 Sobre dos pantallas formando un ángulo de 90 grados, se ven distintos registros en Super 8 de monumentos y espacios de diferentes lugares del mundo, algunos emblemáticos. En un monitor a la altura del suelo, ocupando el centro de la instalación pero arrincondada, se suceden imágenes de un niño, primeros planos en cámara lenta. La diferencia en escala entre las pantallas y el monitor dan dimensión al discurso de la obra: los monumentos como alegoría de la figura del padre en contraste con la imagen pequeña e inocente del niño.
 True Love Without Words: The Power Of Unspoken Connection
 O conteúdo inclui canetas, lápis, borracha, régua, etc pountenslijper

- - - - - - -

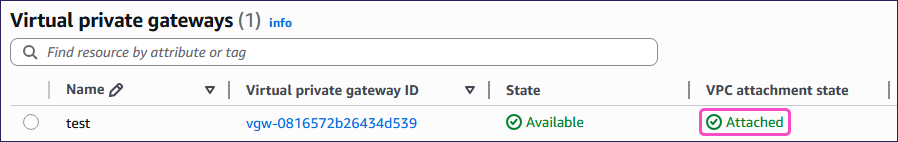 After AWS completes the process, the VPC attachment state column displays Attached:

- - - - - - -

● Task to carry out
Using the material above, transcribe exactly the lines from the line with "True Love Without" to the line with "O conteúdo inclui"; both count, and nothing else goes in.

● Answer to the exercise
 True Love Without Words: The Power Of Unspoken Connection
 O conteúdo inclui canetas, lápis, borracha, régua, etc pountenslijper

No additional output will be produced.